● **Exercise requirements**
Please return, exactly and only, the lines beginning at the top of the entries below and ending with the line containing "C廠【6892】紫晶石天然石"; keep out the pictures.

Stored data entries

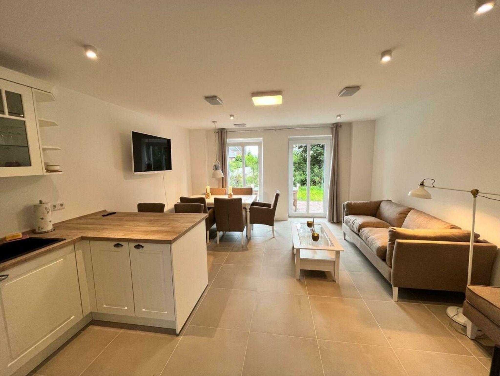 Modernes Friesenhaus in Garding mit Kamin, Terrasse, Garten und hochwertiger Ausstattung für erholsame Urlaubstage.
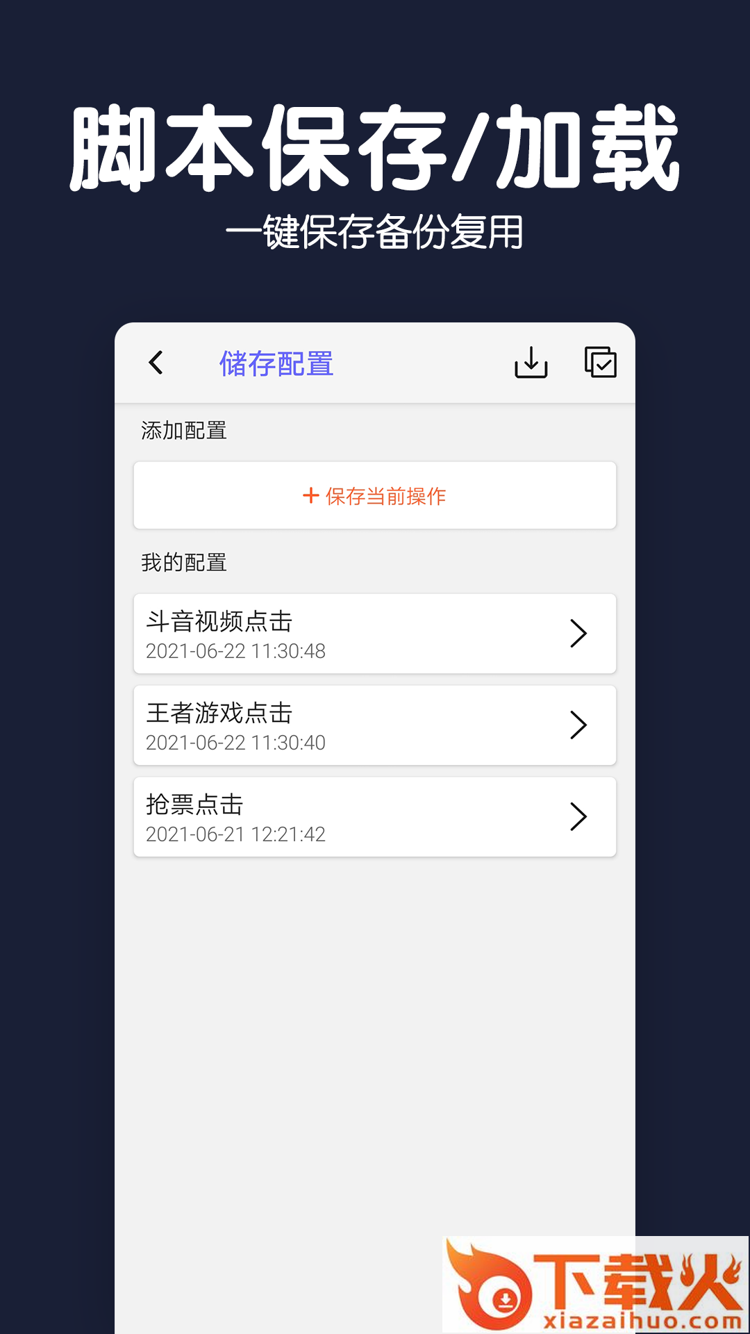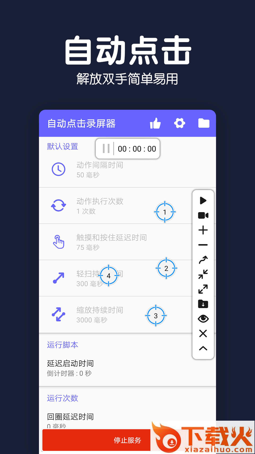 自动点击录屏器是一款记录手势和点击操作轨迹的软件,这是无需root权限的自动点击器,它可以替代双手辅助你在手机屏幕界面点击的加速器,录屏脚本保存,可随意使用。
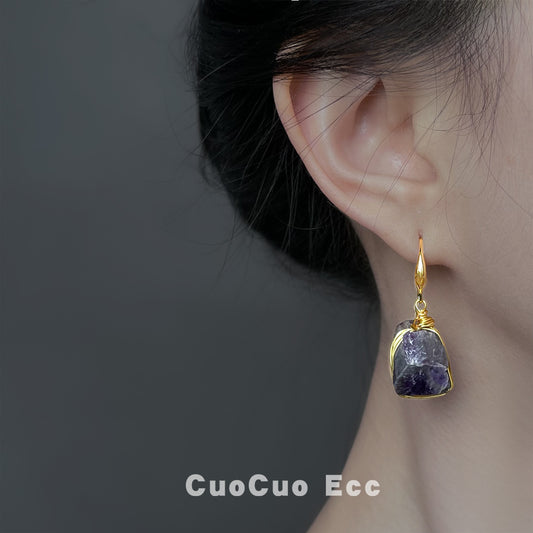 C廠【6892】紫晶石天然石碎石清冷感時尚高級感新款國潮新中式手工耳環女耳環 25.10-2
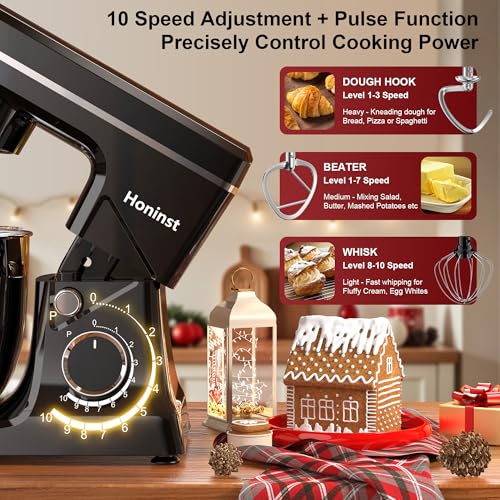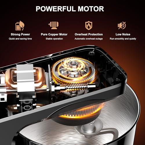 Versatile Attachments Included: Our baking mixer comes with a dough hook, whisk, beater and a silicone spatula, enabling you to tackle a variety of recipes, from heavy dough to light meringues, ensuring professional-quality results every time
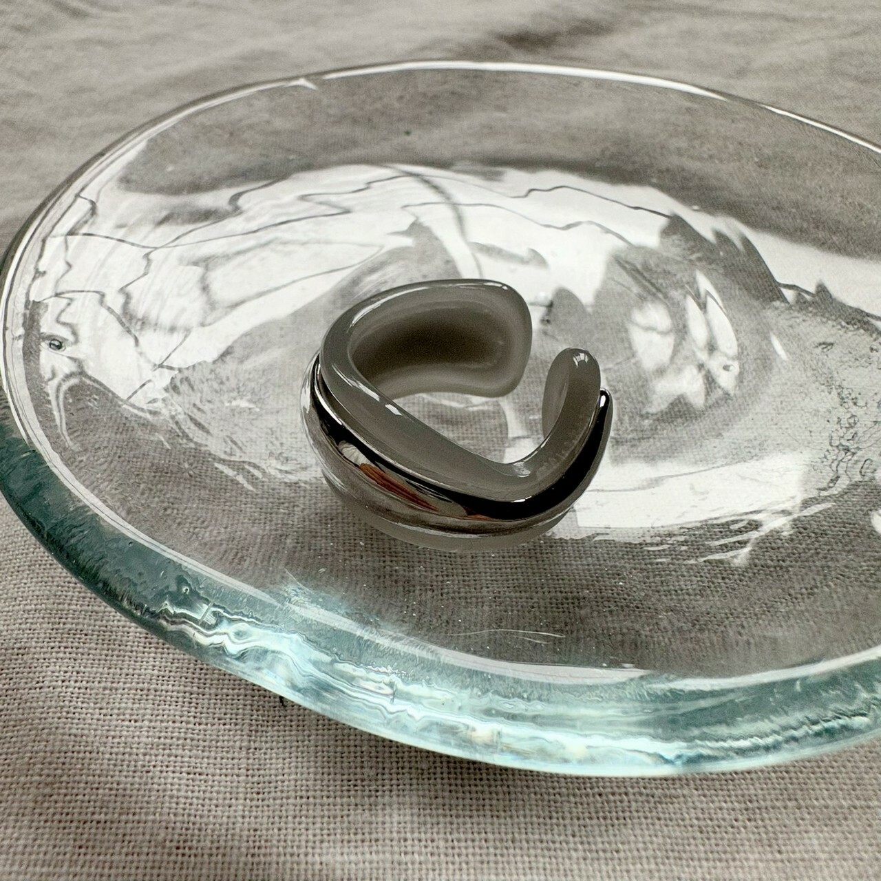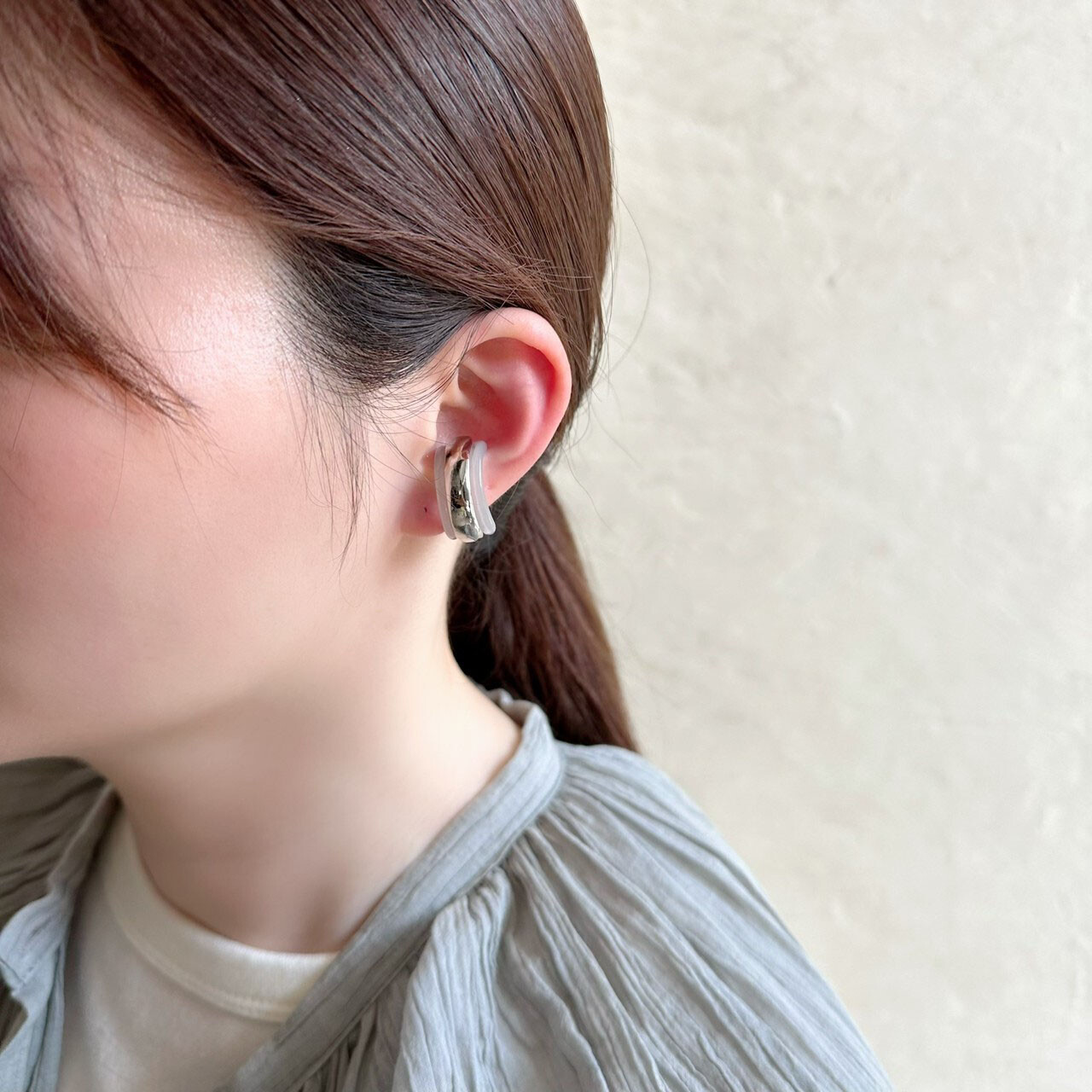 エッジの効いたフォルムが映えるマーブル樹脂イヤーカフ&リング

● **Result**
 Modernes Friesenhaus in Garding mit Kamin, Terrasse, Garten und hochwertiger Ausstattung für erholsame Urlaubstage.
 自动点击录屏器是一款记录手势和点击操作轨迹的软件,这是无需root权限的自动点击器,它可以替代双手辅助你在手机屏幕界面点击的加速器,录屏脚本保存,可随意使用。
 C廠【6892】紫晶石天然石碎石清冷感時尚高級感新款國潮新中式手工耳環女耳環 25.10-2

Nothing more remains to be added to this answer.